Scheme for Generation α

The general scheme for this generation is depicted in Fig. 1. A function generator is used for producing sine voltage waves across a symmetric electrode system, then a NI DAQ device (USB-6210) is used for collecting voltage signals from the measurement circuit. The signal is processed and sent to a computer for data analysis and plotting.

Figure 1. General scheme for real-time impedimetric detection system (generation α).

Data Analysis using LabVIEW for Generation α

The block diagram and front panel of the LabVIEW data analysis procedure are depicted in Fig. 2. Two signals are acquired by the DAQ device: the input voltage and the amplified current (measured in voltages) of the electrode chip. When the amplification ratio of the current is known, the current can be calculated by dividing the measured voltage with the known ratio. The frequency is calculated using Fourier transform of the signals. The absolute impedance (|Z|) is calculated by dividing the amplitude of the input voltage by the current. The phase angle can be found by calculating the phase difference between the two signals. These two values are plotted on the graph in the front panel and can be saved as comma-separated values (.csv) that can be used for data fitting.

Figure 2. (a) Control panel and (b) block diagram for impedance measurement of Z_GENα using DAQ device and LabVIEW software.

Figure 3. A photo of the whole system of generation α.

The clip below shows real-time impedance measurement using generation α. A microfluidic interdigitated array (IDA) chip (wg/we = 25/100μm, where we is the electrode bandwidth and wg is the gap width) is used.
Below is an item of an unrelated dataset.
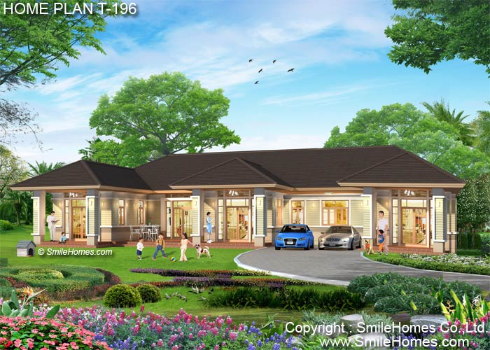 บ้านสไตล์ Thai Contemporary แบบบ้านอยู่สบาย ใกล้ชิดธรรมชาติ เน้นการประหยัดพลังงาน เป็นบ้านยกระดับจากพื้นดิน 0.50 ม. บ้านชั้นเดียว มี 6 ห้องนอน 7 ห้องน้ำ รูปทรงภายนอกสวยงาม ด้วยหลังคา 2 ชั้น เน้นทางเข้าบ้าน ด้วยซุ้มหลังคาด้านหน้า ตัวบ้านตกแต่งผิวผนังด้วยไม้ฝา Shera ด้านหน้าเป็นเฉลียงนอกชานขนาดใหญ่ ใช้เป็นส่วนนั่งเล่น ส่วนทานอาหาร หรือที่จัดเลี้ยงแบบ Out Door ได้ ภายในมีส่วนรับแขกโปร่งโล่งขนาดใหญ่ ต่อเนื่องกับ ส่วนทานอาหาร และห้องนั่งเล่นขนาดใหญ่ มีส่วนเตรียมอาหาร Pantry และห้องครัวไทยภายนอกแบบเปิดโล่ง มีหลังคาคลุม มีห้องนอนใหญ่ 2 ห้อง พร้อมส่วนแต่งตัวแบบ Walk-In Closet และห้องน้ำในตัว มีเฉลียงส่วนตัวด้านหน้า และห้องนอนขนาดกลางอีก 4 ห้อง พร้อมห้องน้ำในตัว และห้องน้ำส่วนกลาง ชั้นล่าง

The flow rate is 0.1μL/s and the applied frequency is 100Hz.

[Impedance Measurement .vi file for generation α]

Scheme for Generation β

A major difference between the detection of phase angle of generation β and that of generation α is that the former always output a sinusoidal wave from a phase angle of 0°, while the latter outputs from an arbitrary angle. By recording the time of the start of detection, the phase angle can be obtained by only measuring the output current wave. For instance, if the peak of a current wave is detected at the start of detection, then it can be deduced that the phase angle is -90° (Fig. 4).

Figure 4. A current wave of phase angle -90°.

In this generation, a miniaturized, portable, real-time, low-cost and remote commandable (website-based) system is developed. The target set for it has a whole list of goals in addition to the main features of a typical impedance analyzer: miniaturization, portable, real-time, low-cost and user-friendly. For the hardware, a Raspberry Pi 3 b+ model, an impedance measurement circuit, and a microelectrode sensor chip are integrated. The scheme of generation β is illustrated in Fig. 5.

Figure 5. General scheme for real-time impedimetric detection system (generation β).

Impedance Measurement Circuit Design

For generation β, several IC chips are integrated on a universal PCB board for achieving the functions of the function generator and the DAQ device in generation α. The AD9833 waveform generator is used for the production of sinusoidal voltage waves. TL074 op-amps are used for transformation of electric signals. The fast precision op-amp OP42 is used for amplification of the small signal current running through the sensor chip. A voltage stabilizer module made from UA741 op-amp is used for providing stable voltage signal. The analog-to-digital converter AD7822 is used for signal acquisition, and sending digital signals to Raspberry Pi (Fig. 6).

Figure 6. Circuit schematic for generation β.

Data Processing

The raw signal obtained by the ADC is an 8-bit resolution data ranging from 0 to 255 at a rate of 1MS/s (mega samples per second). Due to the relatively fast sampling speed by Raspberry Pi and some imperfections within the circuitry, there may appear to be some defects or noisy signal in the acquired data. Thus, a strategy for data processing before the calculation of |Z| and phase of the measured system is designed. The general concept is depicted in Fig. 7 for a raw signal with a linearly transformed value between 0 and 1.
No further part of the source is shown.